Task prompt:
Which lines come from the start of the listing through the line holding "Frankly speaking, they"? Restate exactly those, both included, minus the pictures.

Dataset extract:
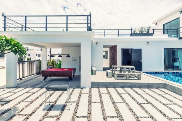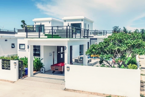 บ้านอิมพอร์ต หัวหิน พูลวิลล่า ตั้งอยู่หัวหินซอย 6 บ้านพักมี 3 ห้องนอน 4 ห้องน้ำ สระว่ายน้ำส่วนตัว (รูปตัวL) พร้อมสระเด็ก มีดาดฟ้าชมวิว รองรับลูกค้าได้ 7-11 ท่าน เสริมได้ 3 ท่าน บริการ!! คาราโอเกะ ไฟเธค/โต๊ะพูล อินเทอร์เน็ตไร้สาย (Wi-Fi) ฟรี เครื่องปรับอากาศทุกห้อง ทีวีทุกห้อง อุปกรณ์ครัว เตาปิ้งย่างครบ สุนัข(พันธุ์เล็ก) เข้าพักได้ (มีค่าบริการ)
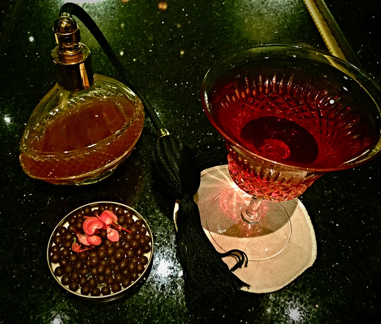 Frankly speaking, they had me at Chateauneuf-du-Pape reduction. I was just too curious to try a cocktail that contains a red wine sirup and also tempting – vintage champagne. They say Chateauneuf-du-Pape was Madame Chanel’s favorite wine and she always had it with fish caviar which she also loved – good call to replace it with chocolate caviar to go with the cocktail. (CNDP and fish caviar must have been a terrible food and wine pairing!)
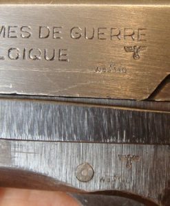 THIS IS A REALLY NICE VET BROUGHT BACK RIG, AND IS PERFECT FOR A REINACTMENT OF THE BATTLE OF THE BULGE. IN 95% CONDITION WE HAVE A NICE SOLID MID WAR PRODUCTION B BLOCK FN MADE HIGH POWER WITH A NICE DLA 43 HOLSTER AND A VERY HARD TO FIND AND HIGHLY SOUGHT AFTER SPARE MAG. THIS IS A NICE ALL MATCHING PISTOL WITH A NICE BORE AND GREAT LOOKS. ONE BIG PLUS WITH THIS SET-UP IS THAT YOU WILL NOT HAVE TO GO RUNNNING AROUND TRYING TO GET THAT SECOND MAG. EVERYBODY WHO COLLECTS WW2 PISTOLS SHOULD HAVE ONE OR 2 OF THESE IN THEIR COLLECTION, THEY WERE HIHGLY SOUGHT AFTER BY THE SOLDIERS BECAUSE THEY HAD DOUBLE THE AMMO LOAD OF ANY OTHER GUN AND THEY WERE UTTERLY DEPENDABLE WEAPONS.

Task response:
 บ้านอิมพอร์ต หัวหิน พูลวิลล่า ตั้งอยู่หัวหินซอย 6 บ้านพักมี 3 ห้องนอน 4 ห้องน้ำ สระว่ายน้ำส่วนตัว (รูปตัวL) พร้อมสระเด็ก มีดาดฟ้าชมวิว รองรับลูกค้าได้ 7-11 ท่าน เสริมได้ 3 ท่าน บริการ!! คาราโอเกะ ไฟเธค/โต๊ะพูล อินเทอร์เน็ตไร้สาย (Wi-Fi) ฟรี เครื่องปรับอากาศทุกห้อง ทีวีทุกห้อง อุปกรณ์ครัว เตาปิ้งย่างครบ สุนัข(พันธุ์เล็ก) เข้าพักได้ (มีค่าบริการ)
 Frankly speaking, they had me at Chateauneuf-du-Pape reduction. I was just too curious to try a cocktail that contains a red wine sirup and also tempting – vintage champagne. They say Chateauneuf-du-Pape was Madame Chanel’s favorite wine and she always had it with fish caviar which she also loved – good call to replace it with chocolate caviar to go with the cocktail. (CNDP and fish caviar must have been a terrible food and wine pairing!)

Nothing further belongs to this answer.